Defendants claimed nearly $1 million in fees. They argued that Gameologist’s claims were so frivolous as to compel the conclusion that they were brought in bad faith. Baseless claims can indeed allow an inference of bad faith, but mere failure to win isn’t enough. Here, Gameologist’s claims were not “so completely without merit as to compel the conclusion that these claims were brought in bad faith.” Disposing of them required oral argument, additional briefing, and extensive analysis, “not the hallmarks of a purely frivolous filing.” Furthermore, there was no reason to doubt Gameologist’s subjective belief in the merits of its claims.

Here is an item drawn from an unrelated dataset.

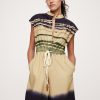 Button front and adjustable slider belt.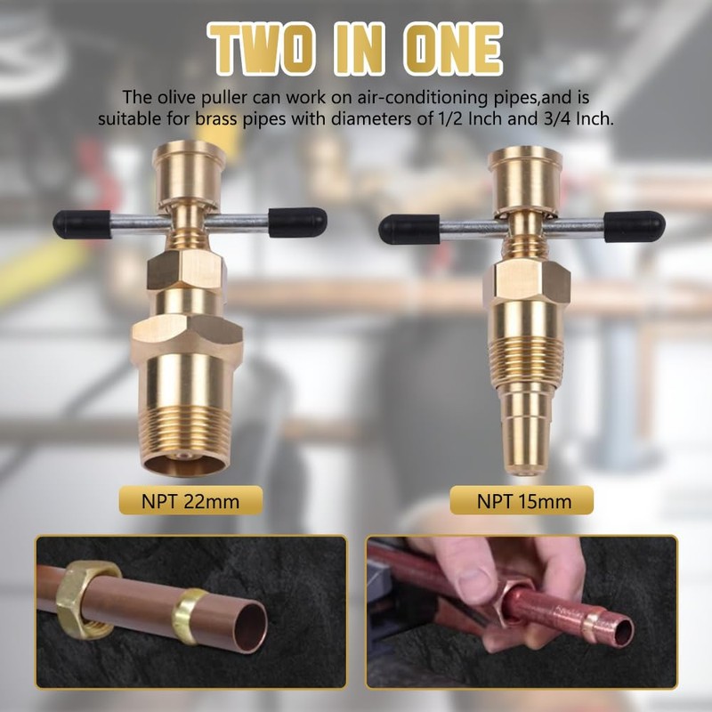 HEKOBAG Olive Remover Tool, 15mm & 22mm Olive Puller Olive Remover Puller Tool, Not Damage The Pipe Solid Brass Pipe Fitting, Compression Ring Puller Plumbing Tool for Copper Pipe

Though Gameologist was mistaken in thinking that the terminated license agreement indicated that Scientific misappropriated the “Bling Bling” concept for its own commercial advantage, a flawed or misguided understanding of the law is insufficient to constitute bad faith.
This also disposed of Scientific’s argument that a fee award was justified based on the court’s inherent power to manage proceedings; though Scientific argued that Gameologist’s counsel engaged in negligent or reckless behavior by failing to conduct a reasonable investigation into the merits of the case before filing this action, a sanction in the absence of bad faith is only allowed when the attorney’s behavior violates a court order or is otherwise misconduct not undertaken for the client’s benefit. Here, even assuming there was negligence/recklessness, counsel was representing the client. Nor did Rule 11 justify sanctions. Even after discovery ended, it wasn’t “patently” clear that there was no chance of success. “While the plaintiff's assertions regarding use in commerce and likelihood of confusion certainly were weak, these standards are fact-dependent in their application, and the plaintiff could reasonably have believed that it had some chance of success, albeit minimal, on its claims.” A long shot isn’t necessarily sanctionable. And finally, NY GBL §360-m provided no basis for a fee award; that provision provides remedies for plaintiffs injured by willful infringement, rather than for parties whose adversaries acted wrongfully in conducting the litigation.